Police have urged the public not to share the "extremely distressing" material online.

He told residents in Christchurch: "Close your doors until you hear from us again".

"It is clear that this can now only be described as a terrorist attack", Ardern said.

He added: " Out of respect and in condolence for all those killed in the terrorist attack in New Zealand, I have asked for flags to be flown at half-mast".

Police said they have mobilized every national police resource to respond to the incident.

Australian Prime Minister Scott Morrison has confirmed that one of the apprehended is an Australian-born citizen, while UK Prime Minister Theresa May has expressed her condolences in a statement.

Ardern confirmed that one of the attackers was Australian.

One man who said he was at the Al Noor mosque told media the gunman was white, blond and wearing a helmet and a bulletproof vest. The manifesto was not signed.

The prime minister said that he "shocked" over the latest incident which ' reaffirms what we have always maintained that terrorism does not have a religion'.

More news: Donald Trump says he plans to visit Ireland later this year
More news: Thiem into Indian Wells semi-finals as Monfils pulls out
More news: 'Sopranos' movie gets release date and a new title ... 'Newark'

Before Friday, New Zealand's worst mass shooting was in 1990 when a gun-mad loner killed 13 men, women and children in a 24-hour rampage in the tiny seaside village of Aramoana.

"New Zealand Police alerted us to a video on Facebook shortly after the livestream commenced and we removed both the shooter's Facebook account and the video". Reuters was unable to confirm the authenticity of the footage.

In the video, the killer spends more than two minutes inside the mosque spraying terrified worshippers with gunfire.

"It's a big mosque and there were more than 200 people inside".

He said: "An attack on a place of worship is an attack against all faiths, I'm confident that in the days ahead you will see all communities come together". One person was later released.

He said that he had a friend in another mosque in the area had told him a gunman had opened fire there as well and five people were dead.

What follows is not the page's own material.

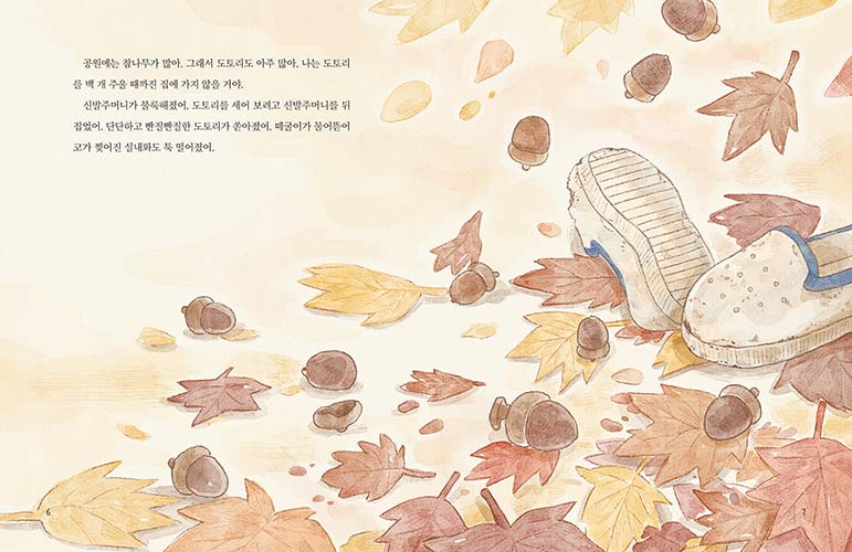 너와 첫 이별을 하던 날. 하굣길에 쉬이 발이 떨어지지 않던 그날. 난 집에 가기 싫은 마음에 혼자 빈 공원을 서성이고만 있었어. 빨리 돌아가야 한다는 걸 알면서도, 모른 척 괜스레 땅에 떨어진 도토리들만 주웠다 놨다….
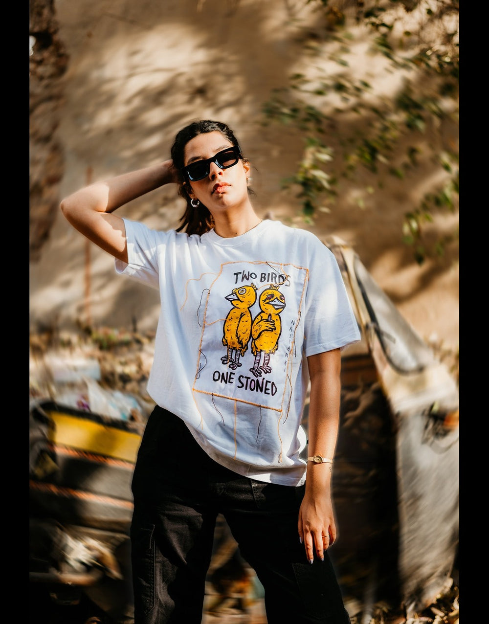 Hand-painted and hand-stitched, the *Quirky Birds Tee* by NAUtanki showcases a fun bird graphic with a witty caption. This premium shirt is all about spreading good vibes in style. Perfect for those who love a playful, standout look.

Tarrant, who police say carried out at least one of the shootings, posted a jumbled, 74-page manifesto on social media in which he identified himself by name and said he was a 28-year-old Australian and white supremacist who was out to avenge attacks in Europe perpetrated by Muslims.

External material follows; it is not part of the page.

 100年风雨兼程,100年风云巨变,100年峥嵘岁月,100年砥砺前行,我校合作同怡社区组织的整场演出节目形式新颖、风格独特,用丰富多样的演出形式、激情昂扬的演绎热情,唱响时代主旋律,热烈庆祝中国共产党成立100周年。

One man, with blood still on his shirt, said in a television interview that he hid from the gunman under a bench and prayed that he would run out of bullets.

Christchurch was put on lockdown with all schools and council buildings shut and roads closed across the city.

Christchurch is a coastal city of 404,500 residents. It has an agricultural economy.

The gunman then walks back into the mosque, where there are at least two dozen people lying on the ground.

Just 1% of New Zealand's population of nearly five million are Muslim, according to government statistics, less than 50,000 people in 2013.

"Just heard news of the devastating reports from New Zealand Christchurch".